The scale ladder. Intelligence workflows often cascade through scales: use wide-area Sentinel-2 to detect a change, task commercial high-res to characterize it, then use very-high-res or aerial to identify specific objects. This “tip and cue” approach is how most national imagery agencies work. You don’t waste expensive commercial tasking on the whole world — you use free wide-area data to find where to look.

import numpy as np
import matplotlib.pyplot as plt
 
# Demonstrate what you can see at different resolutions
# Simulate a military base at different GSD values
np.random.seed(42)
 
# Create a "truth" image at 0.5m resolution (high detail)
base_size = 400  # 200m x 200m area at 0.5m
truth = np.random.normal(0.3, 0.02, (base_size, base_size))  # background
 
# Buildings (10-20m footprint)
truth[50:90, 50:110] = 0.7   # large building
truth[150:180, 200:250] = 0.65  # another building
truth[250:270, 100:150] = 0.6   # smaller building
 
# Vehicles (2-5m)
for vx, vy in [(120, 60), (125, 60), (130, 60), (120, 66), (125, 66)]:
    truth[vy:vy+3, vx:vx+5] = 0.5  # row of vehicles
 
# Road (5m wide)
truth[195:200, 30:350] = 0.45  # E-W road
 
resolutions = [0.5, 2, 5, 10, 30]
fig, axes = plt.subplots(1, 5, figsize=(20, 4))
 
for ax, res in zip(axes, resolutions):
    factor = int(res / 0.5)
    if factor > 1:
        h, w = truth.shape
        new_h, new_w = h // factor, w // factor
        downsampled = truth[:new_h*factor, :new_w*factor].reshape(
            new_h, factor, new_w, factor
        ).mean(axis=(1, 3))
    else:
        downsampled = truth
    ax.imshow(downsampled, cmap="gray", vmin=0.2, vmax=0.8)
    ax.set_title(f"GSD = {res}m\n({downsampled.shape[0]}x{downsampled.shape[1]} px)")
    ax.axis("off")
 
plt.suptitle("Same 200m x 200m Area at Different Resolutions", fontsize=14)
plt.tight_layout()
plt.savefig("scale_comparison.png", dpi=150, bbox_inches="tight")
plt.show()

Self-test: A naval analyst asks you to count the number of submarines in a port and determine their class. What resolution do you need? What if they only need to know if “more than usual” submarines are present?

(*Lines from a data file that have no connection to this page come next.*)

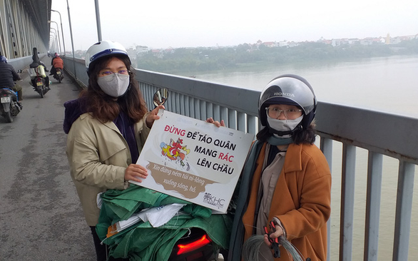 Họ treo những túi đựng rác lớn lên các cây cầu bắc qua sông Hồng như cầu Thăng Long, cầu Nhật Tân, cầu Long Biên… và ven các hồ nước trong thành phố như hồ Tây, hồ Gươm, hồ Trúc Bạch, hồ Đền Lừ…
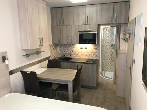这家公寓拥有1间卧室、平板电视、带冰箱和微波炉的设施齐全的小厨房以及1间带淋浴设施的浴室。这家公寓配备毛巾和床上用品。
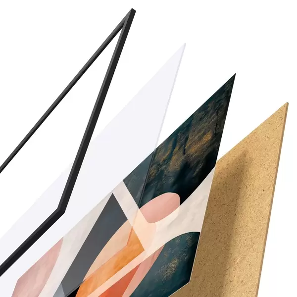Plakát se skládá z rámu, plexiskla, tištěného obrazu a dřevotřískového podkladu. Díky úchytům na zadní straně lze plakát ihned zavěsit na zeď.
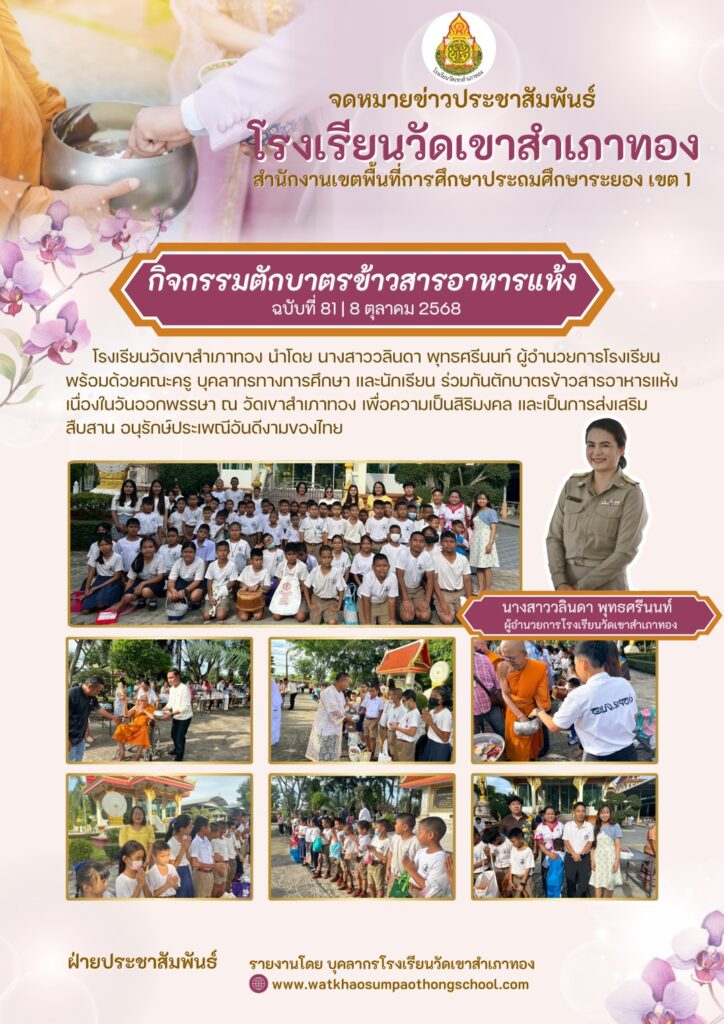 โรงเรียนวัดเขาสำเภาทอง นำโดย นางสาววลินดา พุทธศรีนนท์ ผู้อำนวยการโรงเรียน พร้อมด้วยคณะครู บุคลากรทางการศึกษา และนักเรียน ร่วมกันตักบาตรข้าวสารอาหารแห้งเนื่องในวันออกพรรษา ณ วัดเขาสำเภาทอง เพื่อความเป็นสิริมงคล และเป็นการส่งเสริมสืบสาน อนุรักษ์ประเพณีอันดีงามของไทย
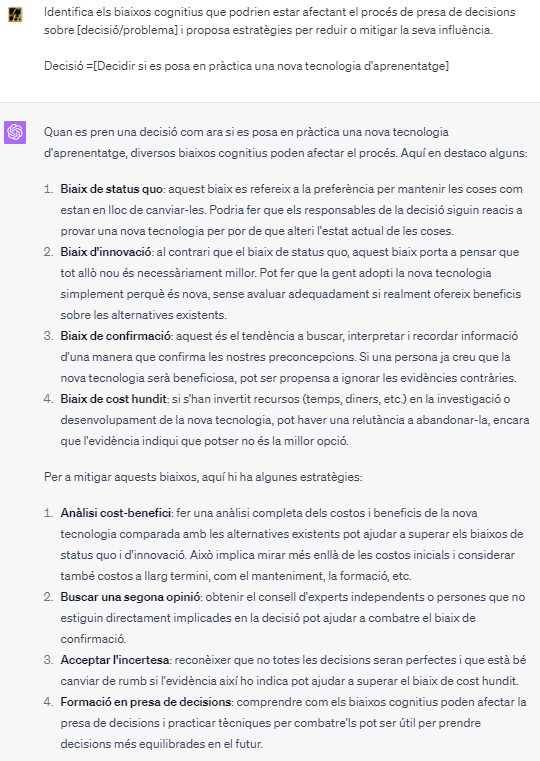 En considerar si s’hauria d’implementar una nova tecnologia d’aprenentatge, un professor pot estar afectat per biaixos com el biaix de l’efecte IKEA (valorar més altament les coses que ha invertit temps a construir) o el biaix de resistència al canvi (preferir mantenir les coses com estan per evitar l’esforç de canvi). Aquest prompt pot ajudar al professor a identificar aquests biaixos i a desenvolupar estratègies per a superar-los, com ara provar la nova tecnologia en una escala més petita abans de decidir si implementar-la a tota l’aula.

How These Patterns Connect

Every analytical decision you make in this course activates one or more of these patterns:

  • Choosing a data source → Pattern 1 (resolution tradeoff) + Pattern 4 (physics constraints)
  • Interpreting an image → Pattern 2 (context needed) + Pattern 5 (scale determines what’s visible)
  • Detecting activity → Pattern 3 (change is signal) + Pattern 2 (need baseline)
  • Planning collection → Pattern 4 (orbit, weather, lighting) + Pattern 1 (which resolution axis matters most)
  • Writing an assessment → Pattern 2 (don’t over-interpret) + Pattern 3 (what changed and what does it mean)

When you’re stuck on an analysis problem, come back to this page and ask: which pattern am I violating?